Roxane Gay in The New York Times:
I watched the cellphone video, shot by a bystander and widely available online, of the final moments of a black man’s life. I watched Alton Sterling’s killing, despite my better judgment. I watched even though it was voyeuristic, and in doing so I made myself complicit in the spectacle of black death. The video is a mere 48 seconds long, and it is interminable. To watch another human being shot to death is grotesque. It is horrifying, and even though I feel so resigned, so hopeless, so out of words in the face of such brutal injustice, I take some small comfort in still being able to be horrified and brought to tears. We know what happens now because this brand of tragedy has become routine. The video of Mr. Sterling’s death allows us to bear witness, but it will not necessarily bring justice. There will be protest as his family and community try to find something productive to do with sorrow and rage. Mr. Sterling’s past will be laid bare, every misdeed brought to light and used as justification for police officers choosing to act as judge, jury and executioner — due process in a parking lot.

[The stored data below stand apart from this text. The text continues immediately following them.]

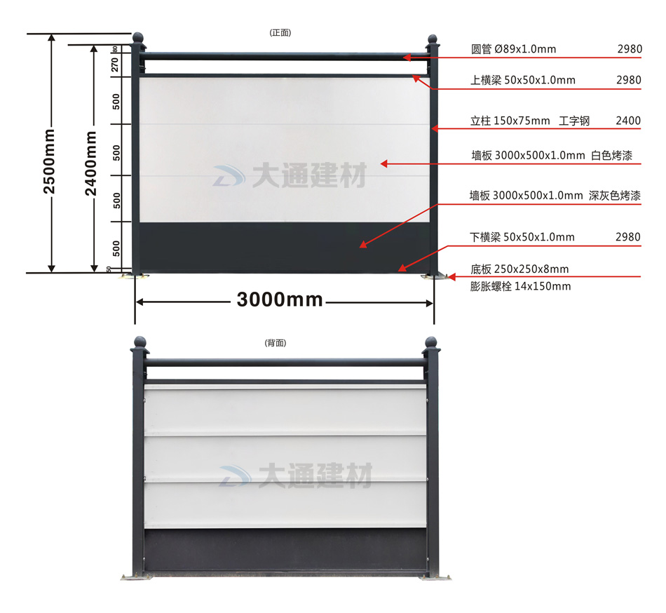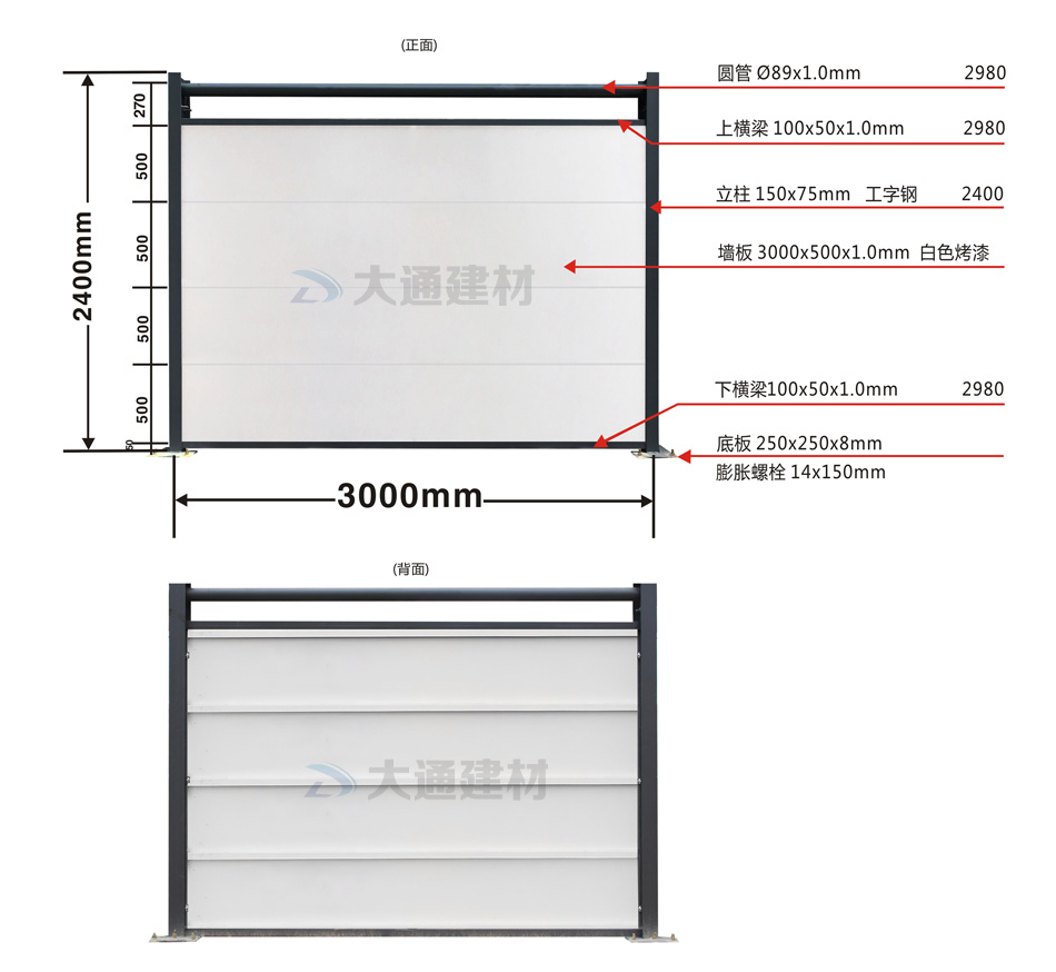 大通建材C類裝配式鋼結(jié)構(gòu)圍擋烤漆款這兩款的烤漆鋼板厚度都是1.0mm,都是采用工字鋼立柱,同時每一擋圍擋的長度都是3米,但不同款式的圍擋高度卻有些不一樣喔,而C類圍擋常用款的圍擋高度通常是2.5m/2.4m,具體請參照上述展示的圍擋參數(shù)圖。
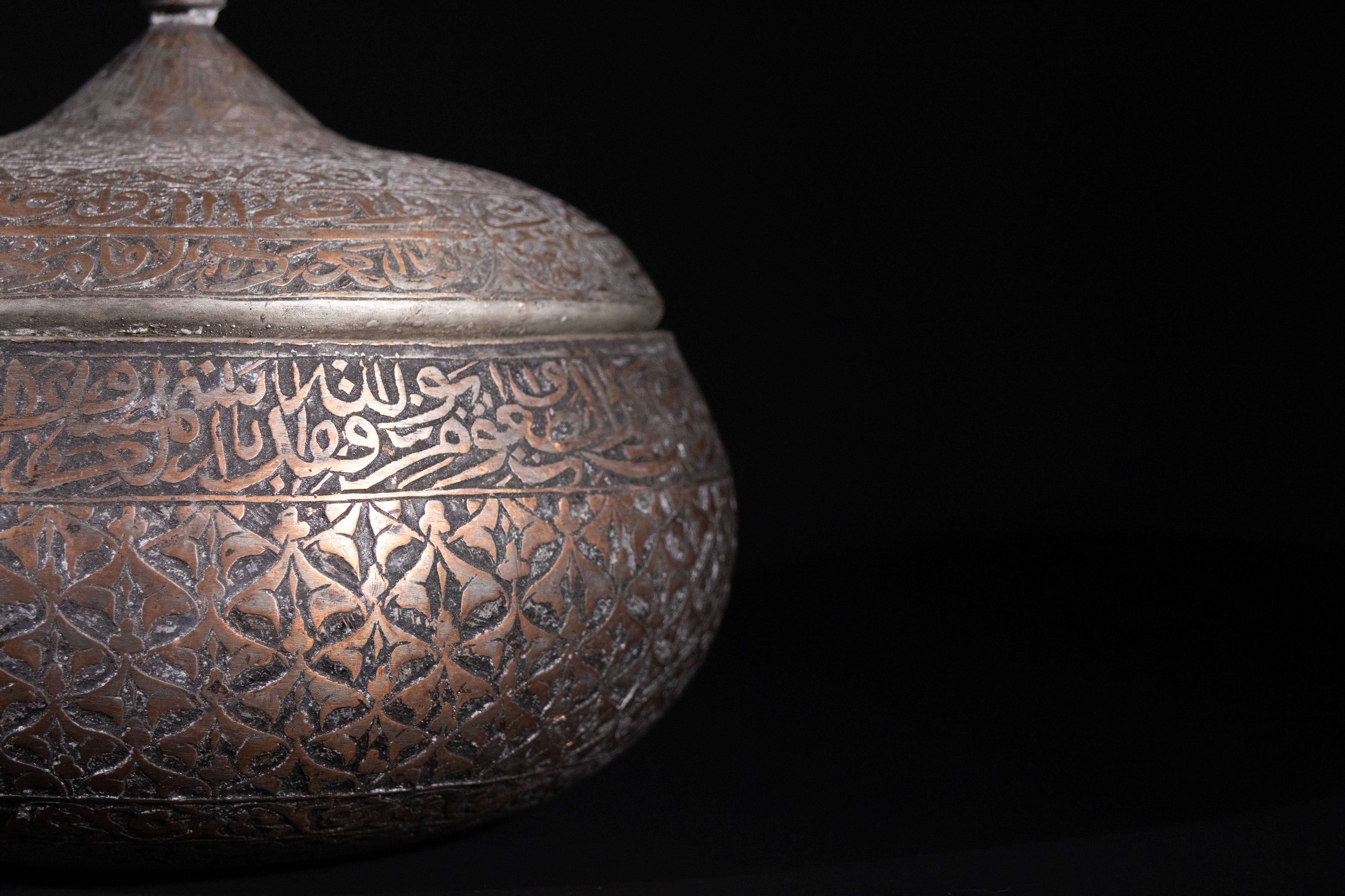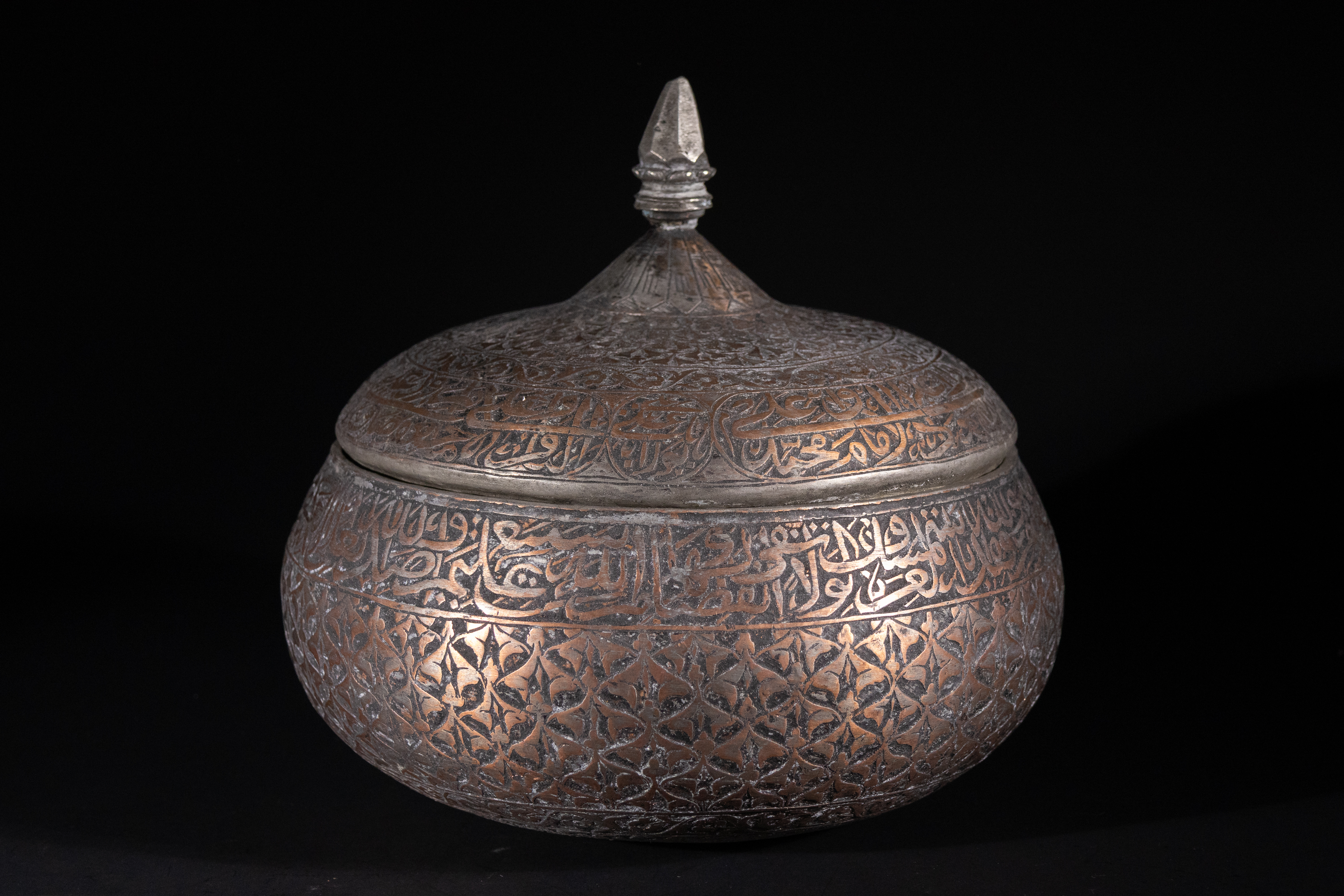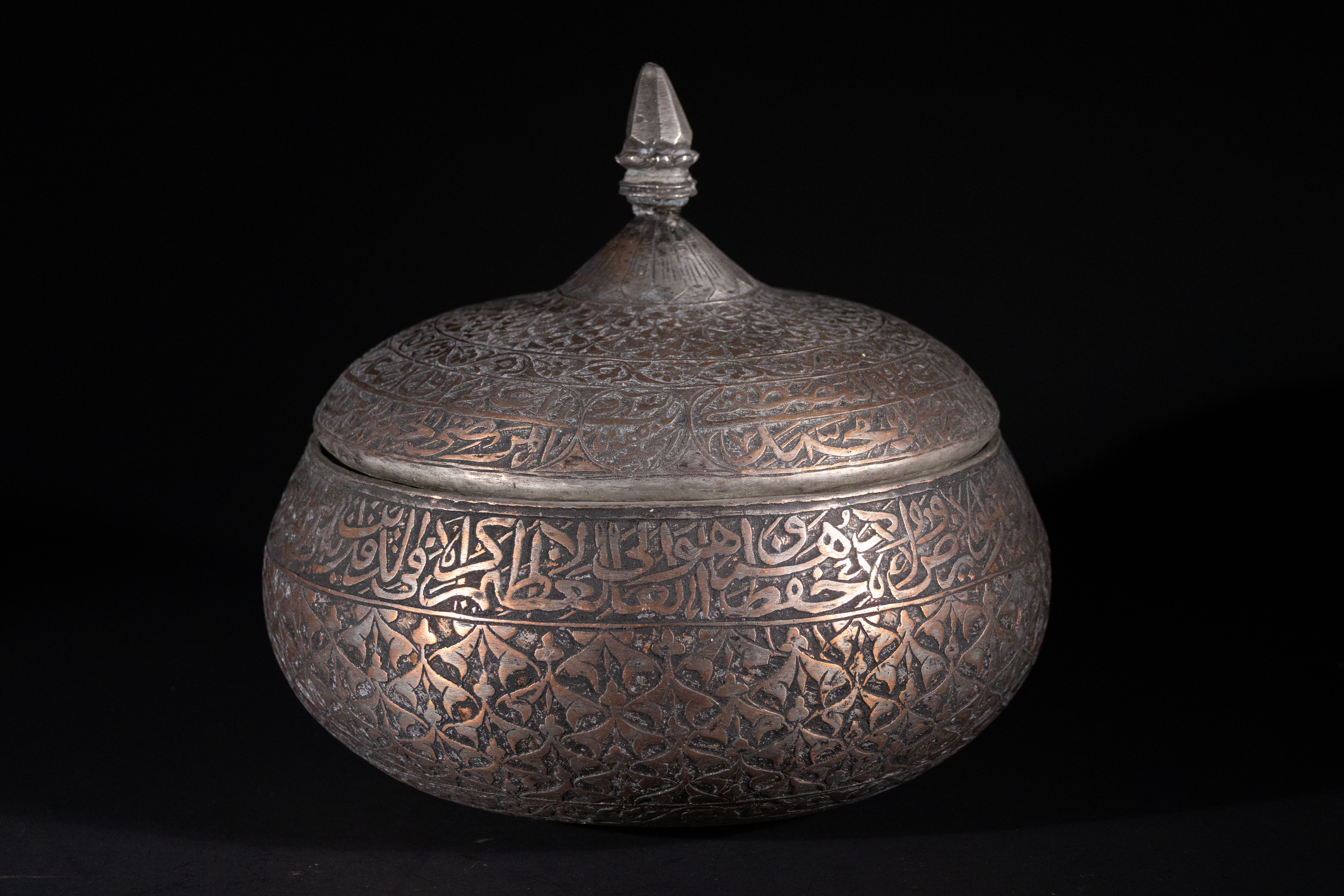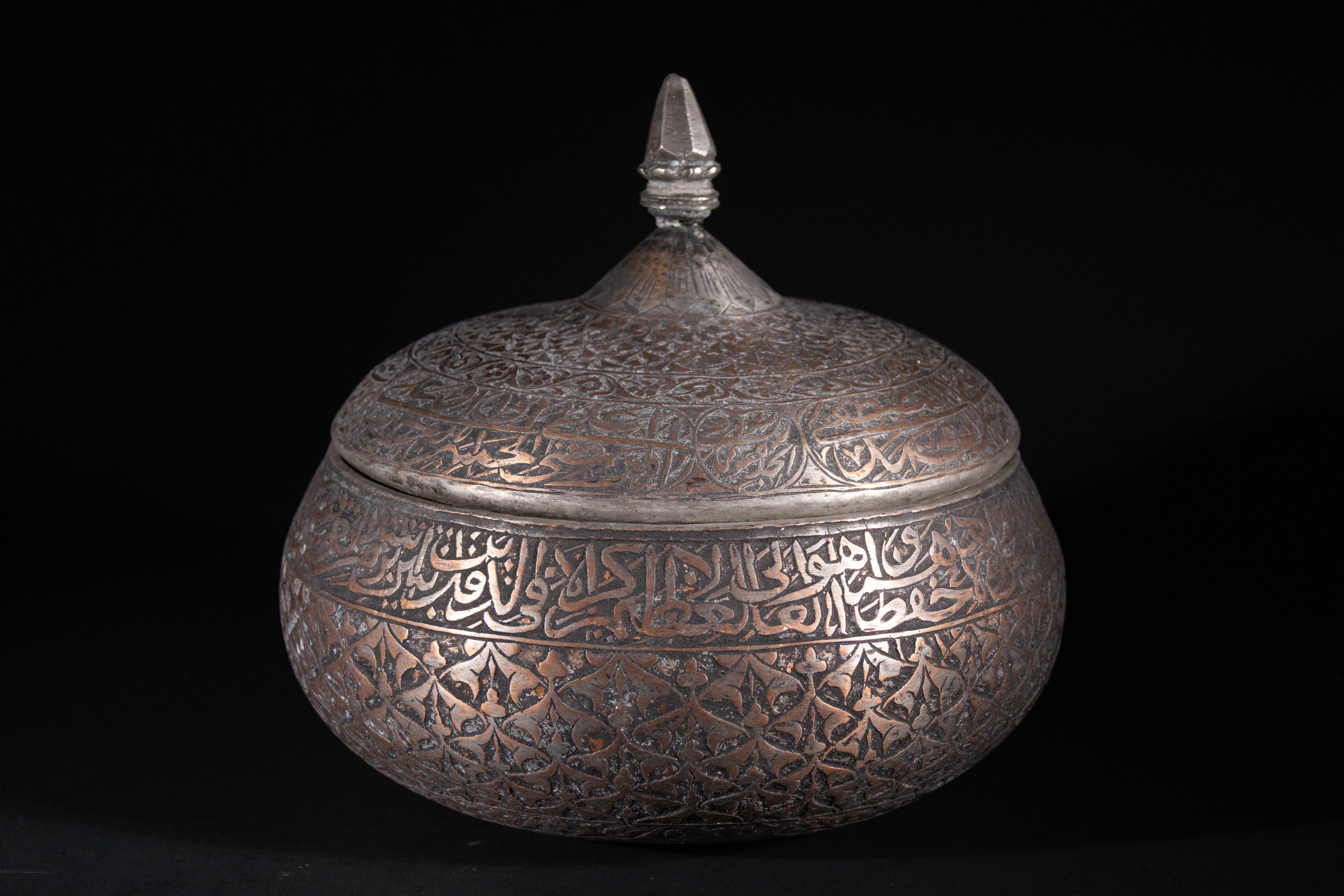 Lot 68: A Persian Tinned Copper Calligraphic Lidded Bowl, 17th/18th Century
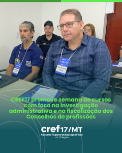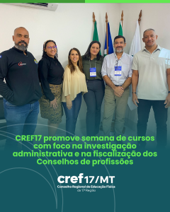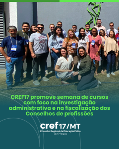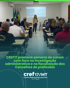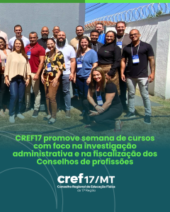 O Conselho Regional de Educação Física da 17ª Região – CREF17/MT, sob a presidência de Fabi Moraes, sediou em Cuiabá, entre os dias 12 e 15 de agosto de 2025, a Semana de Cursos, que trouxe como pauta central dois temas de grande relevância para a atuação dos Conselhos Profissionais:
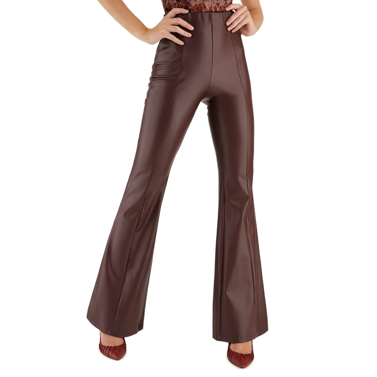 PANTALONI A CAMPANA, DA DONNA, TINTA UNITA, CON LOGO, CHIUSURA ZIP E BOTTONE-SABELLLA PU FLARE

…The video that truly haunts me is from a news conference with Quinyetta McMillon, the mother of Alton Sterling’s oldest child, a 15-year-old boy, who sobbed and cried out for his father as his mother read her statement. The grief and the magnitude of loss I heard in that boy’s crying reminds me that we cannot indulge in the luxuries of apathy and resignation. If the video of his father’s death feels too familiar, the video of this child’s raw and enormous grief must not. We have to bear witness and resist numbness and help the children of the black people who lose their lives to police brutality shoulder their unnatural burden.
More here.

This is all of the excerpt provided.